Он ждал и ждал, всякое в голове перебирая. С тележки глядел в сизую даль, разговаривал с покойной: «Приедут. Конечно, приедут. Схороним тебя, не горься. Будешь ныне в новой хатке своей ночевать. Там — теплочко и покойничко. Намерзлась? — вопрошал он, чувствуя, что сам зябнет. — Скоро уж, скоро… Потерпи чуток. Ты у нас терпеливая. — Самому ему согреться было нетрудно — лишь вынуть из-за пазухи бутылку. Что он и делал, оправдываясь перед покойной: — Тоже ведь не молоденький. Зябну. А греться не пойдешь. Велели быть при тебе. Дочушки твои приказали. Неотлучно, мол. Пригонят они трактор. Сама знаешь, ныне какой колхоз: на обе ножки хромает. Тракторов на ходу сколь осталось? Все стоят. Запчастей нет, горючего нет, — рассказывал он. — Но для тебя сыщут. Может, из последнего собирают, заслуженную колхозницу схоронить. А как же… Ты заслужила. Сколько проработала? Всю жизнь. Орден Трудового Знамени и две медали. Восемьдесят лет, а ты еще на ток ходила, зерно гребла. Бригадир призовет — ты идешь. Такого человека, да не схоронить. Самолучший трактор пошлют! — возвышал он голос. — Скажут, все кинь, езжай, Дизелиха ждет. И это правильно, потому что ты заслужила. Двух дочерей воспитала, обе — труженицы, тоже на колхоз жизнь поклали. Работницы из работниц. Всяк скажет».
Так он сидел да ходил возле гроба, говорил с покойной, порою глоток-другой выпивал из бутылки, согреваясь.
Наконец показался трактор. Гул его он услышал издали. Потом увидел темное. Разглядел: трактор с бульдозерной навеской неторопко шел, расчищая дорогу. Медленно, но приближался. Волочил впереди себя груду снега, оставлял ее на обочине, снова греб.
Он подъехал, с ходу развернувшись задом к тележке, чтобы зацепить ее дышло. Из тесной кабины выбрались дочери покойной, и непонятно, как они там умещались, непомерно толстые, в зимней одежке, в платках.
— Слава богу, добрались… Слава тебе господи… Уж не думали… запричитали они. — Как тут мамушка наша, дождалась?
— Поехали, поехали… — заторопил тракторист. — Цепляйте, и поехали.

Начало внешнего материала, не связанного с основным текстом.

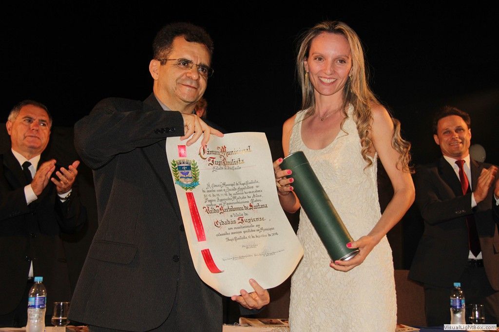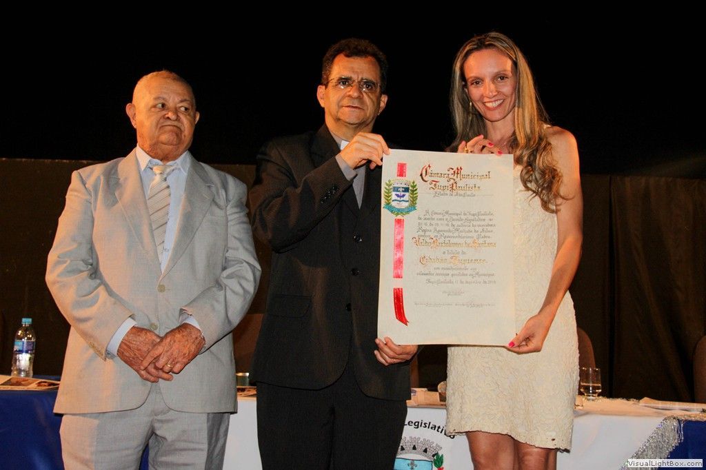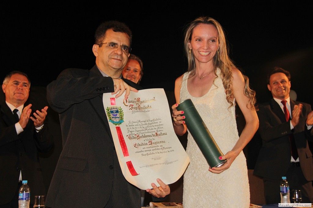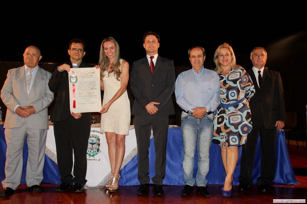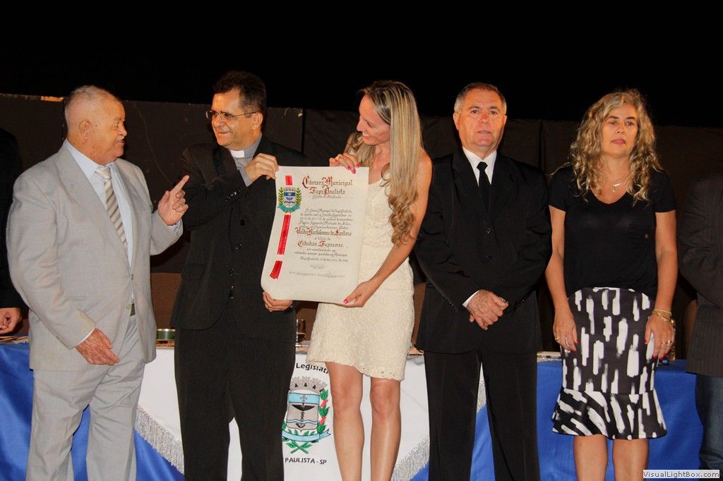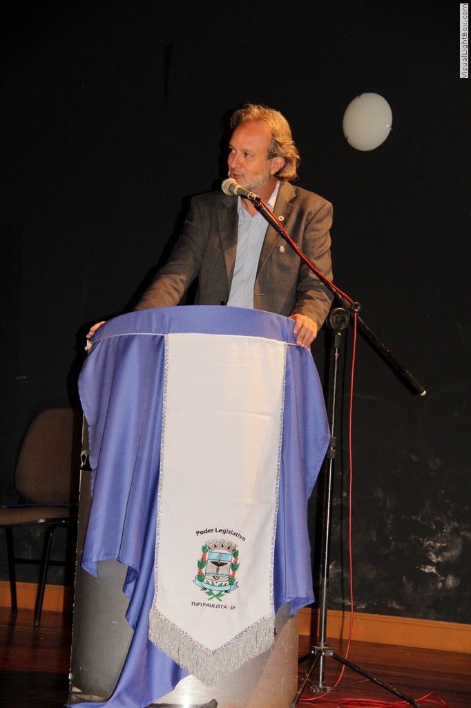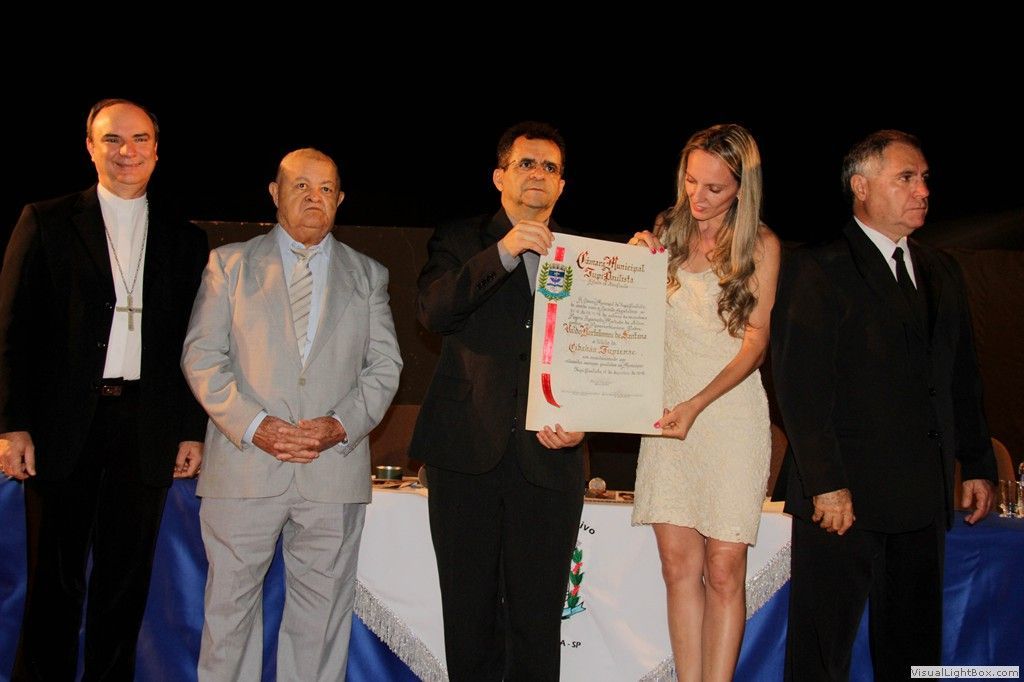 Padre Valdo Bartolomeu de Santana recebeu o "Título de Cidadão Tupiense" pelos relevantes serviços prestados à comunidade, na manhã de sábado, 17, nas dependências do Teatro Municipal "Zanoni Ferrite" de autoria da vereadora Regina Machado.

Дочери покойной неловко, через борт, по колесам, полезли к матери в тележку. Гулый нахваливал себя:
— Все я расчистил, все подготовил…
Подняв тележное дышло, он прицепил его к трактору со словами: «Трогаемся, с богом…» — и полез было в кабину. Но тракторист остановил его с досадою:
— Погоди… Кажется, председатель.
— Молодец, — похвалил его Гулый. — Уважительный. Все же приехал.
— Будет сейчас уважение… — пробурчал тракторист.
Председатель остановился рядом. Но, выйдя из кабины, из-за руля, он и головой не повел на тележку, на дочерей покойной.
— Кто велел сюда ехать? — спросил он тракториста. — Кто велел? Тебе что было сказано?!
— Да вроде… Да ведь… Ревут… — спотыкаясь на каждом слове, пытался оправдаться тракторист.
Гулый вторил ему так же сбивчиво:
— Дизелиха… Другой день уже лежит, не проедем.
— Ревут… А скотина ревет, ты ее не слышишь, — процедил председатель. — Лишь поллитры сшибаешь. Отцепляй! — приказал он.
Он стоял невысокий, тушистый, на бритом лице — отчужденье. Меховая шапка надвинута на лоб, глаз не видать.
— Да рядом тут кладбище… Управимся скоро… — объяснял Гулый. — Ничем не пробьемся.
— Пробьетесь. Чего я тебе сказал?! — возвысил голос председатель.
— Да горькая наша мамушка! — по-дикому закричала одна из дочерей.
Гулый от крика вздрогнул и сдернул с плеча ружье.
Бухнул выстрел. Шапку сдуло с головы председателя.
— Еще одна команда — и получишь в лоб, — твердо сказал Гулый.
— Ты… Ты… — сквозь трясущиеся губы пытался продавить слова председатель и шагнул было к своей машине.
— В трактор! — властно приказал Гулый. — Поехали хоронить. Шаг в сторону — побег. Ясно?!
В какие-то мгновения он вдруг изменился: холодно глядели глаза и слова были жесткими, ледяными. Никогда так не говорил.
Председатель поднял шапку и полез в трактор. Гулый, с ружьем наперевес, встал в тележке, у переднего борта.
Тронулись. Могучий «ДТ» с навескою шел не торопясь, сгребая и громоздя перед собой груды снега. Тележка катилась легко. Дочери покойной навзрыд плакали, припав к закрытому гробу. Гулый открыл его. Крышка была лишь прихвачена гвоздями. Открыл, поглядел на покойную и снова встал у переднего борта с ружьем наперевес.